Buchanan's Insight (1969): Perfect offset occurs when MEC equals the monopoly markup. The monopoly markup is \(\text{AR}(Q_{\text{mono}}) - \text{MPC}(Q_{\text{mono}}) = 70 - 40 = 30\). At this point, the monopolist's output restriction (which normally causes DWL) coincidentally produces exactly the right amount. "The monopolist simultaneously imposes two external diseconomies on the economy: pollution AND output restriction. These work in opposite directions."

At MEC = 30: point E3 = (30, 70) — where MSC intersects AR at the monopolist's quantity. Since AR(30) = MSC(30) = 70, this confirms the efficient output is 30.

Step 6: Three Scenarios Depend on MEC Size

Scenario A: Perfect Offset (MEC = 30 = Markup)

  • \(Q_{\text{eff}} = 30 = Q_{\text{mono}}\)
  • The two distortions exactly cancel
  • Policy: No intervention needed (second-best optimum)

Scenario B: Overproduction (MEC > 30)

  • Example: MEC = 45 → \(Q_{\text{eff}} = (90-45)/2 = 22.5 < 30\)
  • The externality is so large that even the monopolist produces too much
  • Policy: Tax needed, but smaller than under competition (monopoly already restricts some output)

Scenario C: Underproduction (MEC < 30)

  • Example: MEC = 15 → \(Q_{\text{eff}} = (90-15)/2 = 37.5 > 30\)
  • The externality is small; monopoly restriction is the dominant problem
  • Policy: A subsidy (not a tax!) to encourage the monopolist to increase output toward \(Q_{\text{eff}}\)
The surprising result: It may be optimal to subsidize a polluting monopolist!

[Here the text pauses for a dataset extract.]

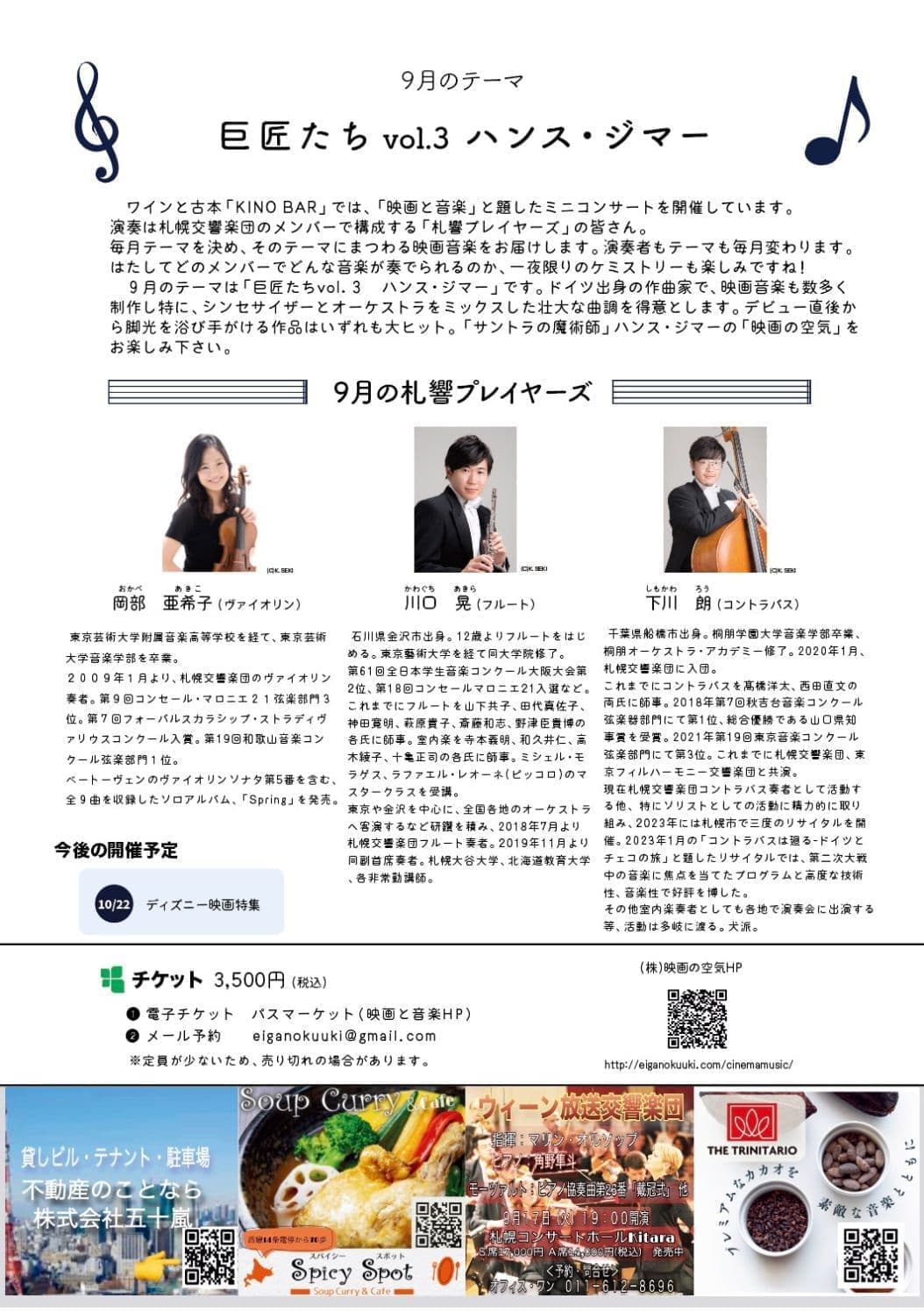 ワインと古本「KINO BAR」では、「映画と音楽」と題したミニコンサートを開催しています。演奏は札幌交響楽団のメンバーで構成する「札響プレイヤーズ」の皆さん。毎月テーマを決め、そのテーマにまつわる映画音楽をお届けします。演奏者もテーマも毎月変わります。はたしてどのメンバーでどんな音楽が奏でられるのか、一夜限りのケミストリーも楽しみですね!

This seems counterintuitive, but the welfare loss from underproduction (monopoly restricting output) outweighs the welfare loss from pollution when MEC is small.

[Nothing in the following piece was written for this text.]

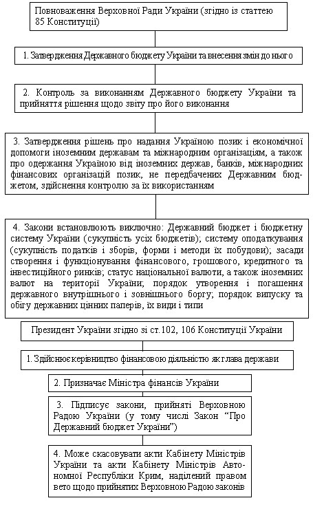 1. Користуючись Конституцією України, визначте права органів державної влади у галузі фінансової діяльності.

Competition vs Monopoly: Side-by-Side

AspectPerfect CompetitionMonopoly
Output ruleAR = MPCMR = MPC
Output levelQ = 45Q = 30
Without externalityEfficient (Q* = 45)DWL = 225 (underproduces)
With MEC = 30Overproduces (Q* = 30), need tax = 30Perfect offset! No intervention
With MEC = 45Overproduces (Q* = 22.5), need tax = 45Overproduces (Q* = 22.5), need smaller tax
With MEC = 15Overproduces (Q* = 37.5), need tax = 15Underproduces (Q* = 37.5), need SUBSIDY

Buchanan's Key Contribution (1969)

Core idea: "The monopolist simultaneously imposes two external diseconomies on the economy: pollution AND output restriction. These work in opposite directions." When MEC exactly equals the monopoly markup (AR − MPC at the monopolist's quantity), the two distortions perfectly offset, and the monopolist's output is socially efficient without any government intervention.